On the dam, the last of the finishing stonework and concrete masonry was completed. In addition, the pavilions, terrace, and pools received their final stone and masonry work. On the plaza, the new roadways were graded and paved. Inside the dam, the inspection wells were monitored as the water level rose to ensure no leakage through the contraction joints. Only two joints showed any leakage, and were repaired.
This is essentially the view I had of the dam from my bedroom window when I was a child. The New York Central Harlem Division tracks can be seen at the bottom of the picture, but the parkway does not yet exist. Plans were underway for the construction of the Bronx River Parkway at this time and it was expected the parkway would occupy most of this lower area.
Looking at the face of the dam, terrace, pavilions, and pools from below the upper west pavilion.
Kensico Bridge at the east end of the dam over the spillway was largely completed in 1916, including the brick paving which was completed in October. The short section of roadway between the bridge and dam was also completed except for the brick paving. The picture above is looking east with the now closed “East Hill Drive” in the foreground (covered by a railroad track) and NY 22 in the background. East Hill Drive has been closed to traffic for as long as I can remember, but I used to walk the old brick road often as a child. During 1916 the concrete foundation and edging for West Hill Drive was laid as was the brick. This road was also closed for as long as I remember, and was mostly obliterated by the redesigned West Lake Drive at the top of the dam (to eliminate the sharp curve when coming off the dam) and by the Holy Name school at the bottom. I still managed to walk it a few times though.

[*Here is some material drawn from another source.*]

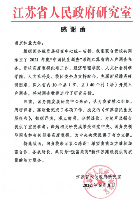 近日,江苏省人民政府研究室专门致信我校,对我院具体负责的2021年度“中国民生调查”课题江苏省入户调查工作做出的各项贡献表示感谢。2021年9月,以我院师生为主体的调查组,克服新冠肺炎疫情困难,深入省内10个县(市、区)40个村(居)开展入户调查,并对调查数据进行了研究分析。我院副院长高强教授为该课题负责人。

Looking at the reservoir from the new NY 22 with the dam in the background.
Another view of the reservoir from the east with the Cranberry Brook Bridge on NY 22 in the foreground.
The buildings at the influent and upper and lower effluent on the west side of the reservoir were at various states of completion during 1916, with the influent and upper effluent buildings still lacking their concrete roofs. The valves and sluice gates were installed and tested, and the heating system at the lower effluent chamber was installed.
While the reservoir filled work continued to remove all tree stumps, roots, and other plants from the reservoir area. Above the reservoir level orchards including apple and wild cherry trees were removed and replaced with planted conifers. Stone walls were removed to within 100 feet of the eventual water level. Before being inundated by the rising water, the temporary gate house, footbridge, and trestle were removed at New Rye Lake, the temporary reservoir for the Williams Bridge section of the Bronx formed by Rye Dike. The trestle crossed the temporary reservoir and can be seen on one of my postcards of New Rye Lake.